The summary emits pi.swarm.degraded_coordination_runpack_e2e.v1 and JSONL events with pi.swarm.degraded_coordination_runpack_e2e.event.v1. The scenario uses a real temporary Beads workspace for one fresh in-progress bead and one blocked open bead, fixture-captured Agent Mail semantic-readiness failure, and an RCH worker workspace-shadow blocker. A passing verdict means the runpack recommends Beads soft-lock ownership, keeps validation degraded instead of green, and emits no cleanup or deletion commands for temp artifacts.

Incident replay E2E evidence:

e2e_dir="/data/tmp/pi_swarm_incident_replay_e2e/${AGENT_NAME:-agent}-$(date -u +%Y%m%dT%H%M%SZ)"
python3 scripts/build_swarm_operator_runpack.py \
  --run-swarm-incident-replay-e2e \
  --capture-dir "$e2e_dir" \
  --out-swarm-incident-replay-e2e-json "$e2e_dir/summary.json" \
  --out-swarm-incident-replay-e2e-events-jsonl "$e2e_dir/events.jsonl"

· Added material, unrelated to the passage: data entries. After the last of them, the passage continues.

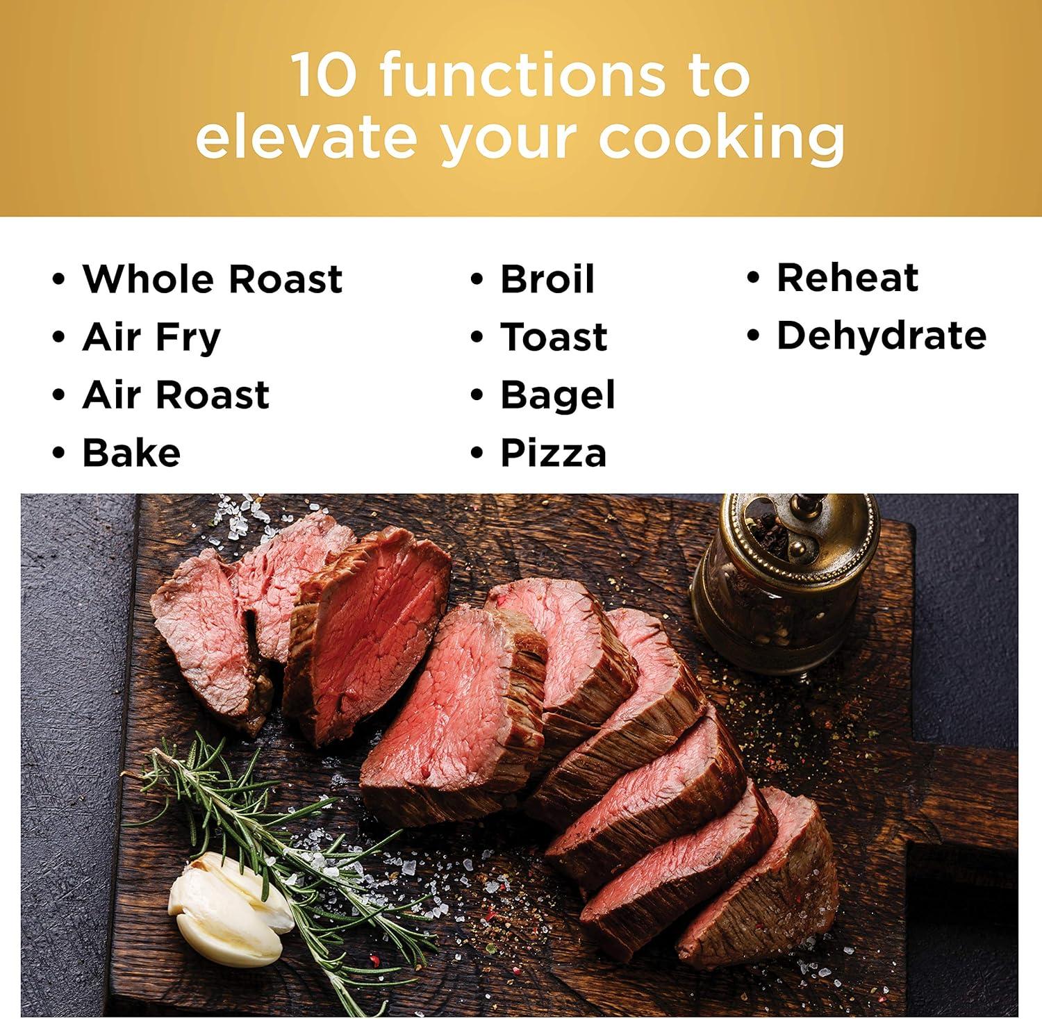 10-IN-1 FUNCTIONALITY: Includes 10 versatile cooking programs: Air Fry, Air Roast, Broil, Bake, Whole Roast, Pizza. Toast, Bagel, Reheat, Dehydrate.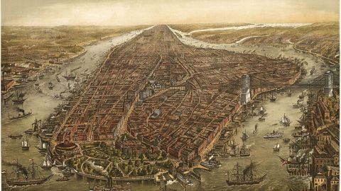 Bird’s Eye Panorama of Manhattan & New York City in 1873.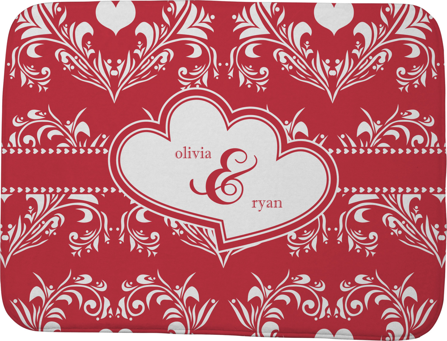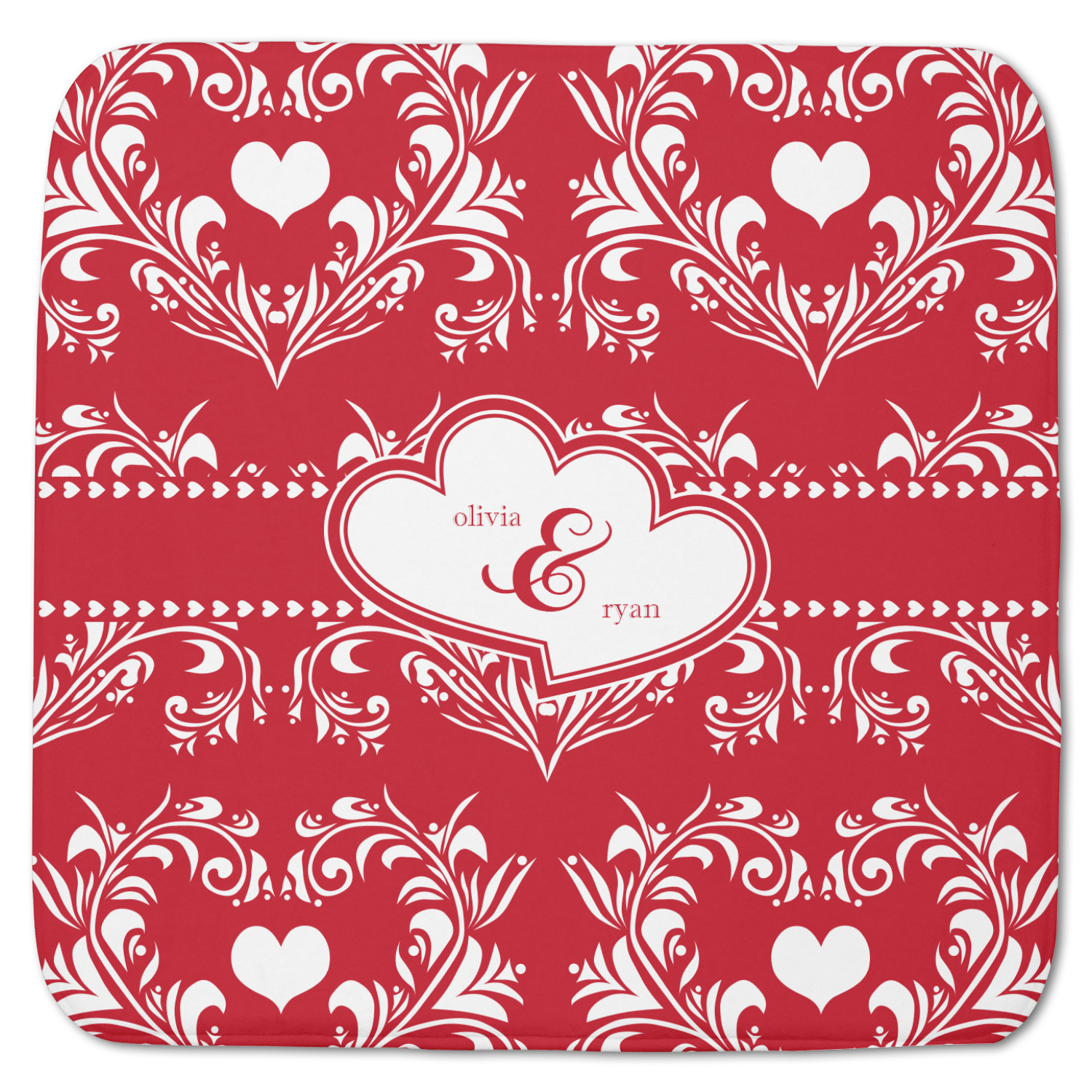 Two toned red damask hearts fill the solid red background with nothing but love. Tiny hearts link together to form a ribbon than anchor the two linking heart label. Personalize with two names to complete this love inspired damask design.

The summary emits pi.swarm.incident_replay_e2e.v1 and JSONL events with pi.swarm.incident_replay_e2e.event.v1. It uses real temp Beads and git workspaces where safe, fixture-captured Agent Mail/RCH failures where live mutation would be unsafe, checked-in incident replay/proof-memory/operator-work sources, and extension firewall plus smoothness-SLO failure evidence. A passing verdict proves the harness fails closed to explicit operator actions and does not authorize cleanup commands, local heavyweight Cargo fallback, release, benchmark, capacity, strict drop-in, or live source-system claims.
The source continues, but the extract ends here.